Gandhi responds to my Chicken Little accusations
On Friday, I tossed off a few paragraphs basically accusing D.C. Council Chairman Vincent Gray and Chief Financial Officer Natwar M. Gandhi of playing Chicken Little when it comes to the state of city finances.
David Umansky, Gandhi's quite personable and very able spokesman, sent me a note over the weekend in response. It reads:
We agree that the reserves are there to be used in tough economic times, but we still have to effectively manage their use and make plans to replenish them so as not to make matters worse. Simply spending down reserves until the account is empty is not effective management if it is an excuse for not making hard decisions about spending and revenue.
Another serious concern is that if the bond ratings slip from their current levels it will cost the District more money to borrow for capital projects. These additional costs would decrease the amount of money otherwise available for the critical services the District provides to its residents. The possibility of rating reductions is not speculation. Other jurisdictions have recently been put on a negative outlook or had their ratings reduced due to their excessive use of fund balance. Most recently, Montgomery County was placed on the watch list for possible downgrade and Chicago was downgraded because of the precipitous drops in the Fund Balances.

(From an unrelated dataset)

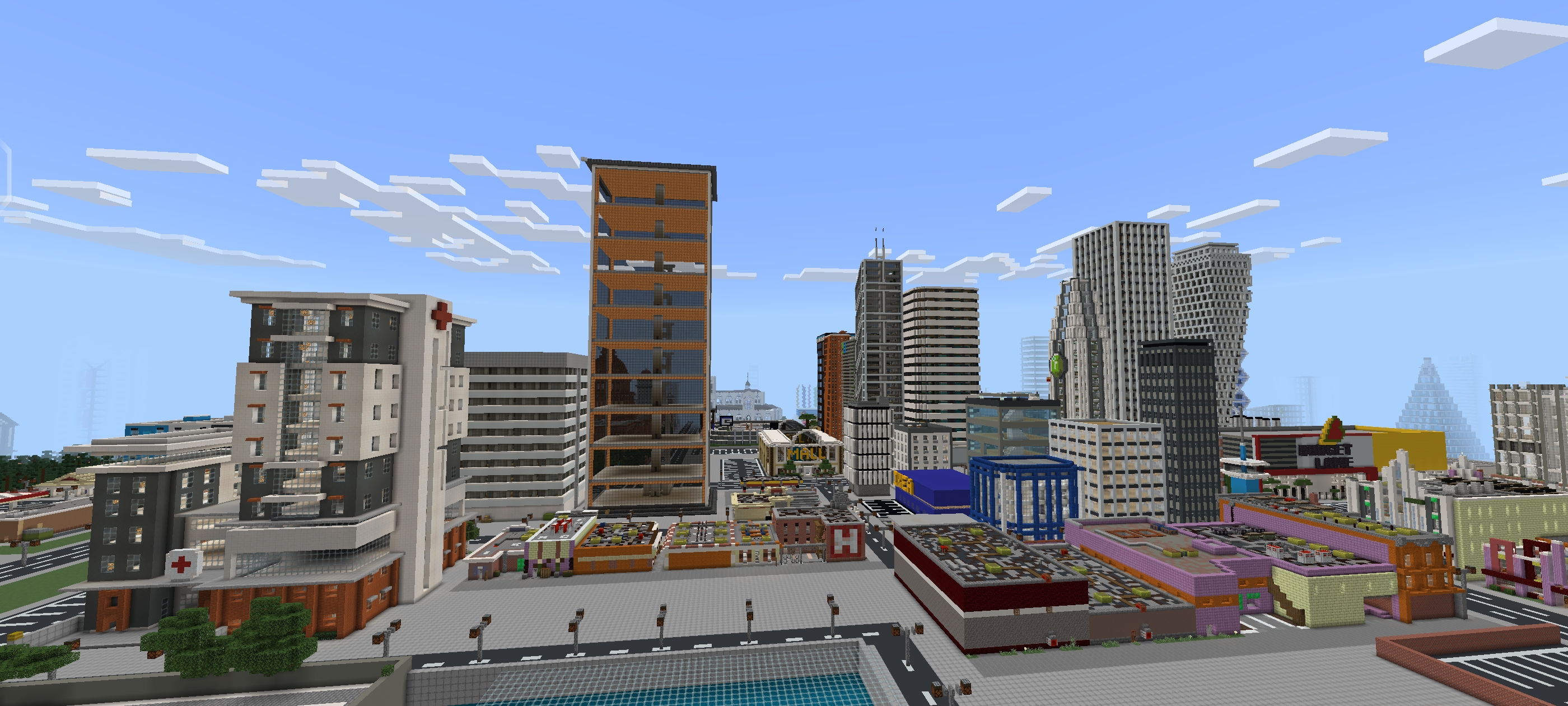 这是马维斯城重建,一张由马万德鲁,而且比原版更宽马维斯城,宽阔的四车道道路会让城市看起来更大。建筑物和原地图一样,但有建筑摆放会有所变化,所以这张地图和原版地图差别很大。你依然能感受到马维斯城的氛围,因为它拥有原地图中的所有元素,比如建筑:摩天大楼、房屋、商店、商场、超市、办公楼、写字楼、酒店、宾馆、医院、警察局、消防局、信号塔、机场、动物园、游乐场(过山车、摩天轮、旋转木马)、体育场(篮球场、足球场、棒球场)、公园等。

Also, as a result of the continuing withdrawals from its Fund Balance, the District is far less liquid that it was previously, forcing it to depend on the capital markets to borrow for cash flow purposes. This dependence on external sources could be a serious vulnerability if the credit markets tighten as they did following the Lehman Brothers bankruptcy.
Please see the attached chart that shows that the District's unrestricted funds (represented in green) available for any purpose have been used up. Thus, the funds available without restrictions are gone.
Because of these concerns, the District's FY 2011 budget, recently approved by City Council and the Mayor, begins the rebuilding of the Fund Balance and provides resources to pay for capital projects without borrowing the money.
Comparison between the U.S., the big guy around the corner with a ready printing press, and the District does not make macro-economic or fiscal sense. The federal government does not have to worry about the credit markets but the District, with its history of insolvency, has to be very careful. Also, even if the District spends away every penny of its reserves, it will have very little macroeconomic impact. So, Krugman is right about the U.S. but, unfortunately, DeBonis is wrong about the District.
Here's the chart Umansky references:
Some thoughts of my own:
I don't know that it's fair to criticize policymakers for not being able to "effectively manage their use and make plans to replenish them" when there has been such uncertainly about the depth and length of the recession (as evidenced by Gandhi's office having to repeatedly adjust revenue projections downward through last year). I think it's pretty clear now that both the mayor and council appreciate that we need to keep a close eye on the savings account as the economy recovers.
As far as downgrade threats, I appreciate what a downgrade would mean to debt service costs, and I understand it is Gandhi's role to yell the sky is falling, but Montgomery County and Chicago were both in much worse fiscal shape than the District when downgraded.
Chicago's budget was so busted that the city mortgaged its parking meters for 75 years to get an $1.15 billion one-time cash hit to balance the budget. That's a no-brainer downgrade if there ever was one.
MoCo's reserves sat at about 5 percent of yearly local operating spending at time of warning; even at low tide according to projections, D.C. is looking at dipping to only slightly under 10 percent. In my view, it seems the policymakers are most responsible when waltzing right up to the line without crossing it, which they appear to have done.
Umansky makes a good and fair point about liquidity, but that doesn't seem to have been much of a concern on the CFO's part at the beginning of the Fenty administration. Fenty's first budget director, Will Singer, told colleague Nikita Stewart earlier this month that "Gandhi's office recommended borrowing money at the beginning of the year to prevent dipping into the fund balance" -- so there seems to be a bit of a Johnny-Come-Lately feel to that argument. Of course, at the beginning of the Fenty administration, no one could have imagined a world where short-term credit would freeze such as it did in October 2008. And Umansky is right to note that the District, not yet 10 years removed from federal fiscal oversight, is held to a higher standard than other jurisdictions.
Also, allow me to clarify that I did not mean to make any macroeconomic claims about District spending -- D.C. certainly can't spend enough year to year to really make a dent in the regional economy. I meant to make the point that in both cases, from the international on down to the local, these calls for fiscal austerity are usually made by folks well removed from those who feel the repercussions.